Use integers (1-based) or negative integers (from the end) directly.

```python
# Select the second <li>
# XPath: //li[2]
query = E.li[2]

# Select the last <li> (equivalent to F.last())
# XPath: //li[last()]
query_last = E.li[-1]
```

### 5. Working with Results

-   `.child()`/`.descendant()` return a single `XPathElement`.
-   `.children()`/`.descendants()` return an `Union[XPathElementList, str, float, bool, List[str]]`.

#### `XPathElement` (Single Result)

-   `.tag`: The element's tag name (e.g., `'div'`).
-   `.attr`: A dictionary of all attributes.
-   `element['name']`: Access an attribute directly.
-   `.string()`: Get the concatenated text of the element and all its children (`string(.)`).
-   `.text()`: Get a list of only the element's direct text nodes (`./text()`).
-   `.parent()`: Get the parent element.
-   `.next_sibling()` / `.prev_sibling()`: Get adjacent sibling elements.
-   `.xpath(query)`: Execute a raw string or a constructed query within the context of this element.

#### `XPathElementList` (Multiple Results)

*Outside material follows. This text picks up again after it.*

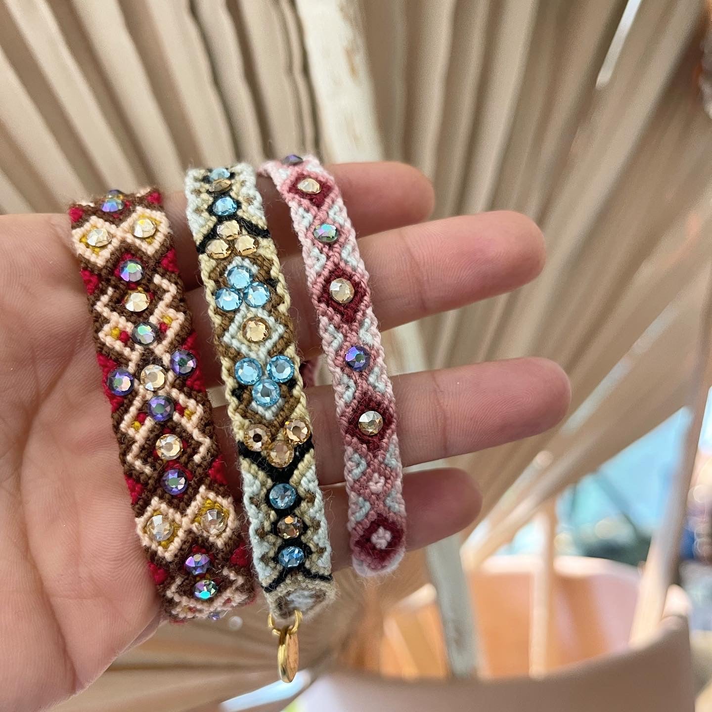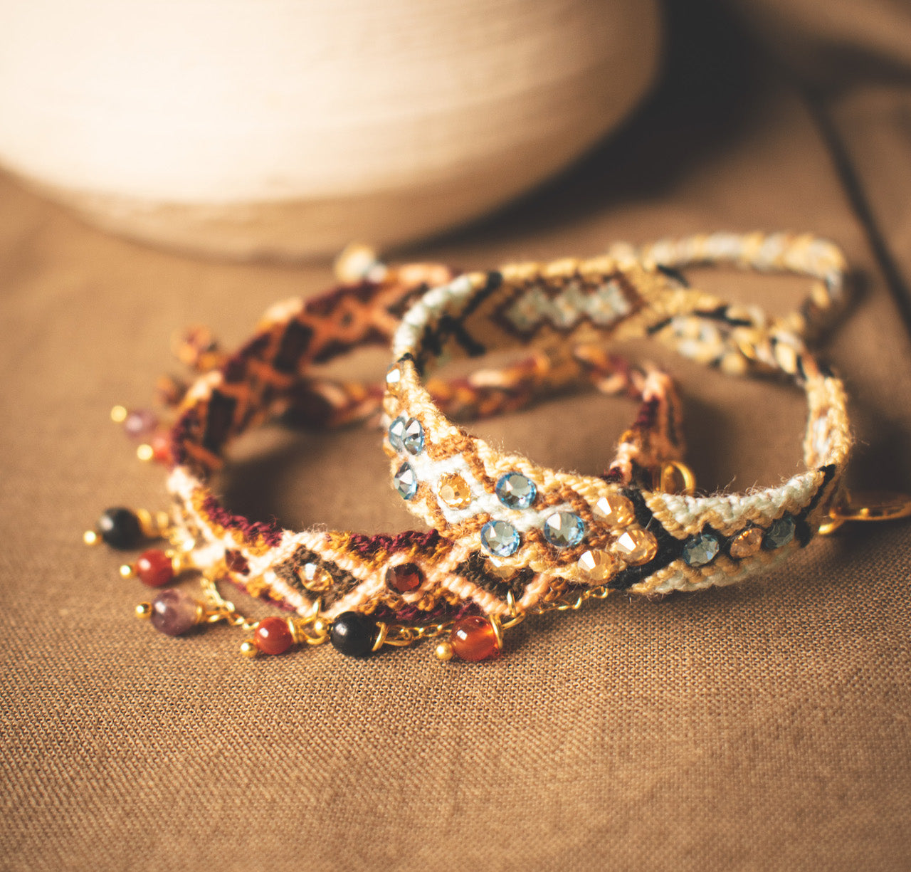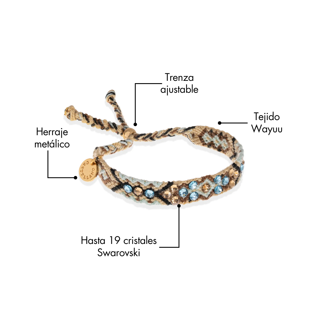 - Pulsera Wayuu tejida a mano con cristales Swarovski y cierre ajustable en tono dorado.

-   `.one()`: Ensures the list contains exactly one element and returns it; otherwise, raises an error.
-   `.first()` / `.last()`: Get the first or last element; raises an error if the list is empty.
-   `len(element_list)`: Get the number of elements.
-   `.filter(func)`: Filter the list based on a function.
-   `.map(func)`: Apply a function to each element and return a list of the results.
-   Can be iterated over directly: `for e in my_list: ...`
-   Supports slicing and indexing: `my_list[0]`, `my_list[-1]`

### 6. DOM Manipulation

Modify the document tree with ease.

```python
from xpathkit import XPathElement, E, A

# Assuming 'root' is a parsed XPathElement
# Find the <ul> element
ul = root.descendant(E.ul)

# Create and append a new <li>
new_li = XPathElement.create("li", attr={"class": "new-item"}, text="Item 4")
ul.append(new_li)

# Remove an element
item_to_remove = ul.child(E.li[A.class_.contains("disabled")])
if item_to_remove:
    ul.remove(item_to_remove)

# Print the modified HTML
print(root.tostring())
```

---

## 📄 License

This project is licensed under the MIT License. See the `LICENSE` file for details.